## [Information shown]
/---

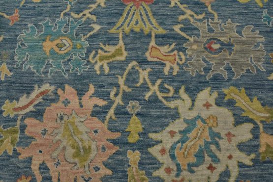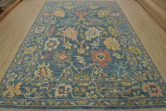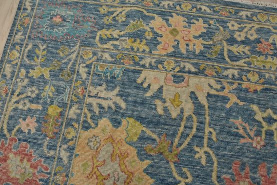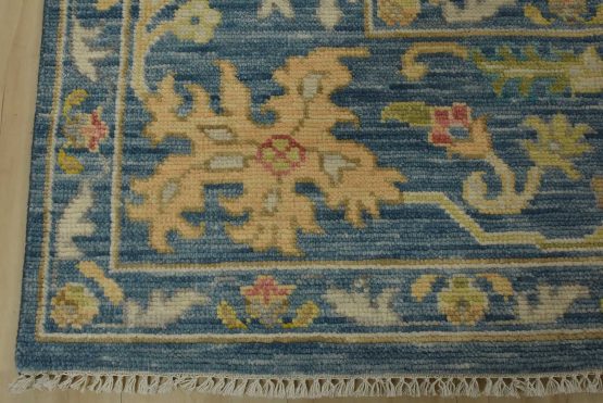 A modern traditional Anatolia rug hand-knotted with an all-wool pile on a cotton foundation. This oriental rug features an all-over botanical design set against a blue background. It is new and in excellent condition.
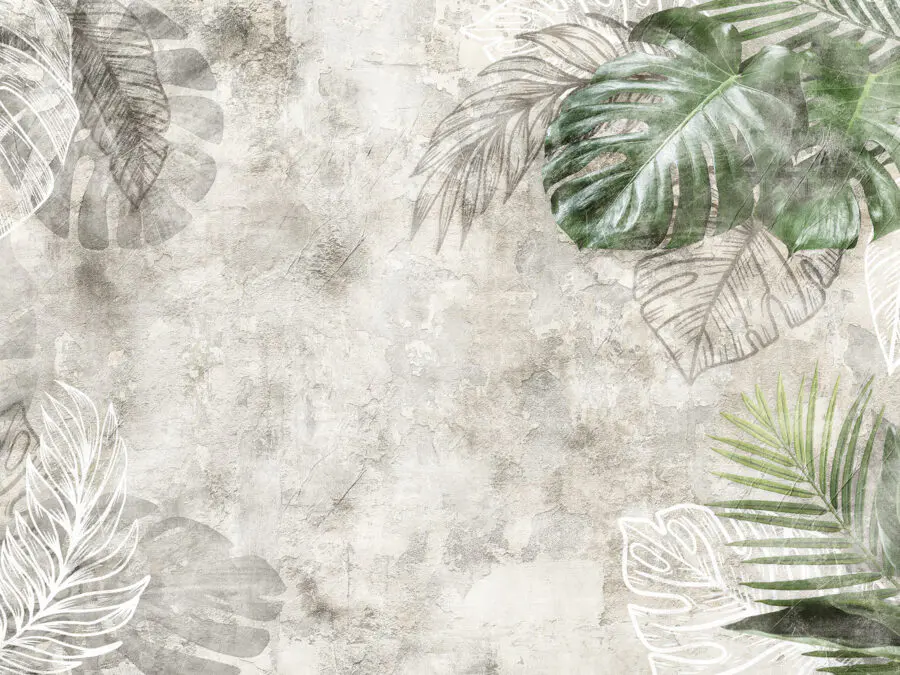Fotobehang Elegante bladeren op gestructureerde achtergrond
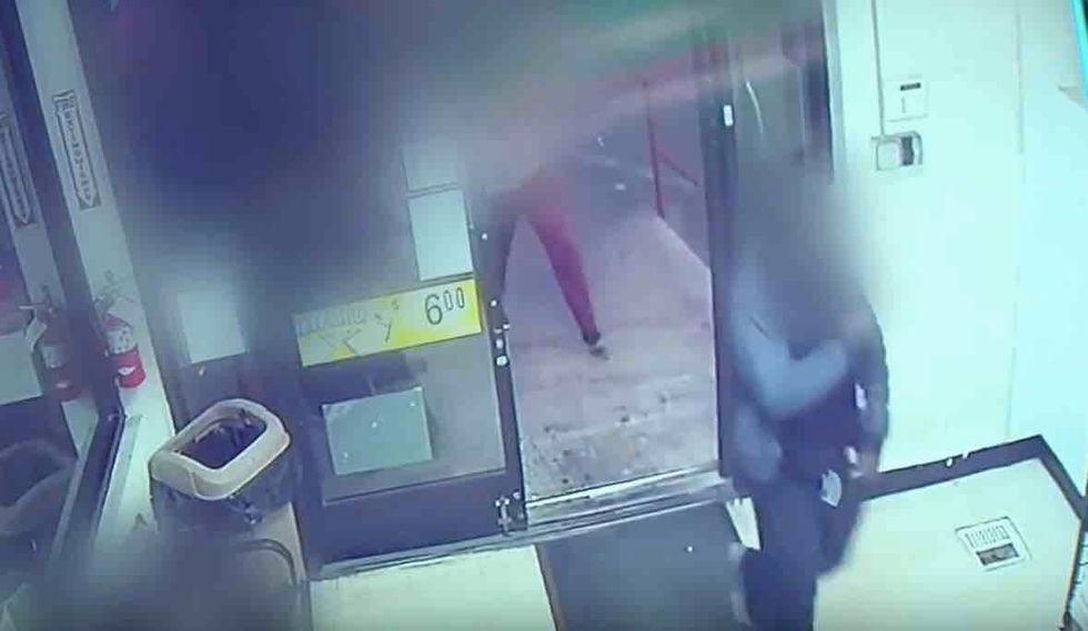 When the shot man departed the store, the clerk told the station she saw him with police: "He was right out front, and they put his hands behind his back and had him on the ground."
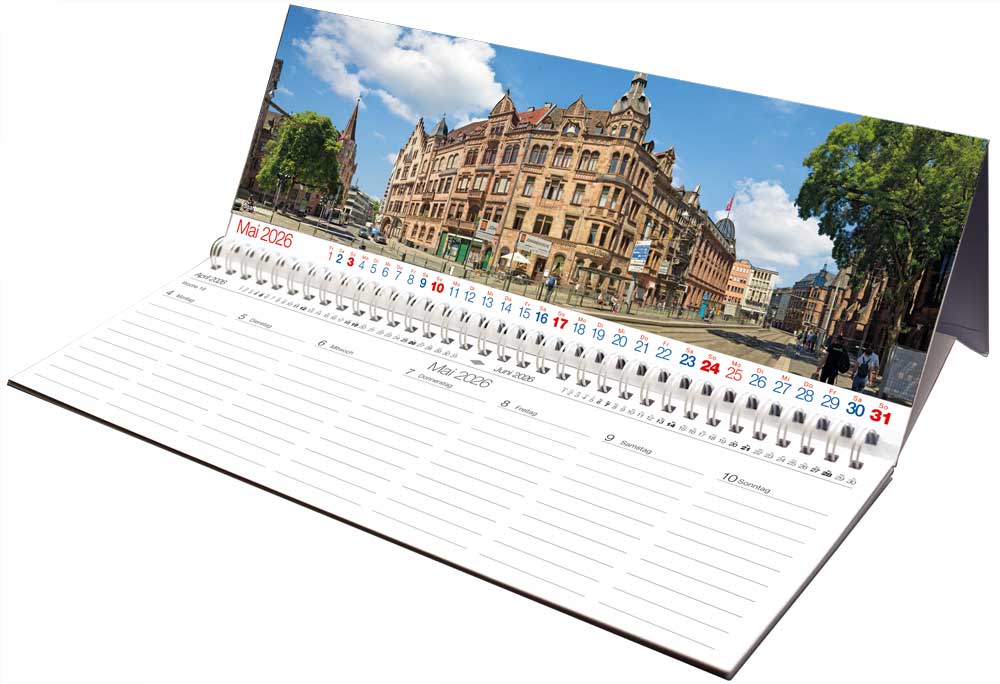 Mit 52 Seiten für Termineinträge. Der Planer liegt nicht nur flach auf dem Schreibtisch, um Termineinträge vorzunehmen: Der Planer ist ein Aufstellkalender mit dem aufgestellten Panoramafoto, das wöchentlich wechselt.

\---
/---

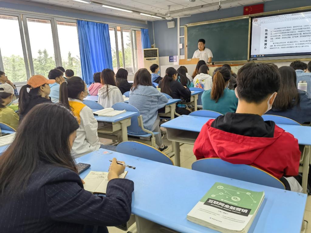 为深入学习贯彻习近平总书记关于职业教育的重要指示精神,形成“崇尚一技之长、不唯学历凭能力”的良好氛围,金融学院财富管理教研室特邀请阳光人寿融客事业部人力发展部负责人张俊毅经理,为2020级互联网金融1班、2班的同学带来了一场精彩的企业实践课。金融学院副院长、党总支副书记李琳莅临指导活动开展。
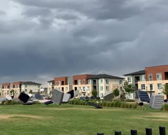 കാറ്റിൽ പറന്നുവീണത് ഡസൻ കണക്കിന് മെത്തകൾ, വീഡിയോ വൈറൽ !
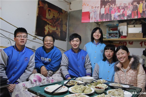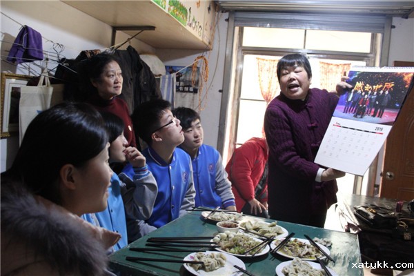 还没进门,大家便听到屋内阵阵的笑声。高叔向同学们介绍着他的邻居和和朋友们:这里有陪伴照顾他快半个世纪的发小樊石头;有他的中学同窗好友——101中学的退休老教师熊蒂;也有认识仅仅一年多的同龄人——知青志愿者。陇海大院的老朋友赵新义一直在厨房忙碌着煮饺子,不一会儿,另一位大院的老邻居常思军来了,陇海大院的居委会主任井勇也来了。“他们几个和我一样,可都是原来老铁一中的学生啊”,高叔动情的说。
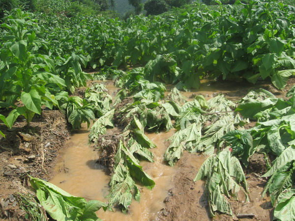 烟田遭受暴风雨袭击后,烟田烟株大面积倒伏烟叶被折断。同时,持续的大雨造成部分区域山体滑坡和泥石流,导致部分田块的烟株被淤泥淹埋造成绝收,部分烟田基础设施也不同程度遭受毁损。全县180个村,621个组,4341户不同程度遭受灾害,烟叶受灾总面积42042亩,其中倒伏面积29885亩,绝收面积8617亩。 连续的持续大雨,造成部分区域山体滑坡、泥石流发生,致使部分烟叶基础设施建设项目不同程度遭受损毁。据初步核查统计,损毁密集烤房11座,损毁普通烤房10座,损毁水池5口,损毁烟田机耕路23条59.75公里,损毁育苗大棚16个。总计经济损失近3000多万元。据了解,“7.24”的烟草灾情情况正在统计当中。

\---

## [Instructions for the task]
Transcribe only the lines above that start at the line containing "A modern traditional" and end at the line containing "Mit 52 Seiten". Omit pictures.

## [Solution to this exercise]
 A modern traditional Anatolia rug hand-knotted with an all-wool pile on a cotton foundation. This oriental rug features an all-over botanical design set against a blue background. It is new and in excellent condition.
Fotobehang Elegante bladeren op gestructureerde achtergrond
 When the shot man departed the store, the clerk told the station she saw him with police: "He was right out front, and they put his hands behind his back and had him on the ground."
 Mit 52 Seiten für Termineinträge. Der Planer liegt nicht nur flach auf dem Schreibtisch, um Termineinträge vorzunehmen: Der Planer ist ein Aufstellkalender mit dem aufgestellten Panoramafoto, das wöchentlich wechselt.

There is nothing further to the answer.